Directions:
The answer consists of the lines from the line holding "矿山布袋除尘器主体结构由上箱" through the last line of the entries, retyped exactly, and nothing else. No pictures belong in it.

Study material:
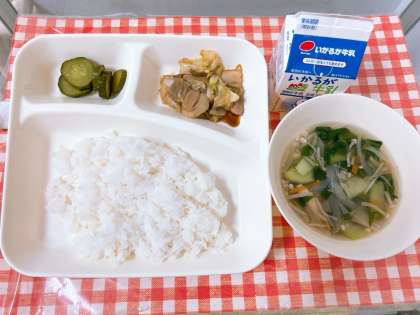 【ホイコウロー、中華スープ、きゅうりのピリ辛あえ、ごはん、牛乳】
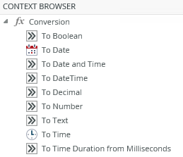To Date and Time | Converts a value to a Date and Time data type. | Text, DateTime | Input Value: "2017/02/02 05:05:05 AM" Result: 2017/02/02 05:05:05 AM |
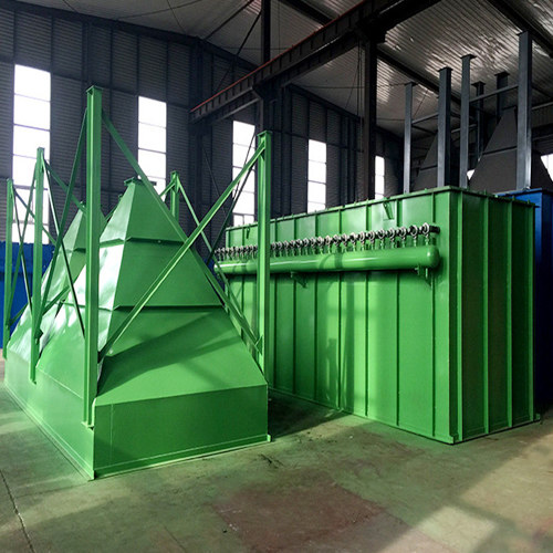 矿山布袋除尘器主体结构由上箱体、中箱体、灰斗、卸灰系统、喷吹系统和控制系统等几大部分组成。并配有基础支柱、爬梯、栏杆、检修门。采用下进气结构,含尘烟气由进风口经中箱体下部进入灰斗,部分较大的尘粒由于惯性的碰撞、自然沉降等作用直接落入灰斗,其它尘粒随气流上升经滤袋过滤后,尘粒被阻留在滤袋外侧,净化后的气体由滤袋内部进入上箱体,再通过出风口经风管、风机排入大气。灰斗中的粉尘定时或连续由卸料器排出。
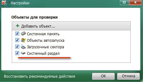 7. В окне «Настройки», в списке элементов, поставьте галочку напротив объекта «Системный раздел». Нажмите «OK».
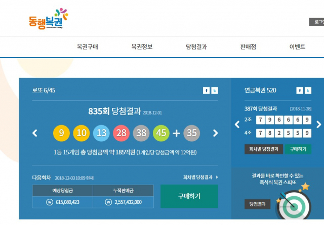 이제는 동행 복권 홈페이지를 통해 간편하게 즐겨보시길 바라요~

Response area:
 矿山布袋除尘器主体结构由上箱体、中箱体、灰斗、卸灰系统、喷吹系统和控制系统等几大部分组成。并配有基础支柱、爬梯、栏杆、检修门。采用下进气结构,含尘烟气由进风口经中箱体下部进入灰斗,部分较大的尘粒由于惯性的碰撞、自然沉降等作用直接落入灰斗,其它尘粒随气流上升经滤袋过滤后,尘粒被阻留在滤袋外侧,净化后的气体由滤袋内部进入上箱体,再通过出风口经风管、风机排入大气。灰斗中的粉尘定时或连续由卸料器排出。
 7. В окне «Настройки», в списке элементов, поставьте галочку напротив объекта «Системный раздел». Нажмите «OK».
 이제는 동행 복권 홈페이지를 통해 간편하게 즐겨보시길 바라요~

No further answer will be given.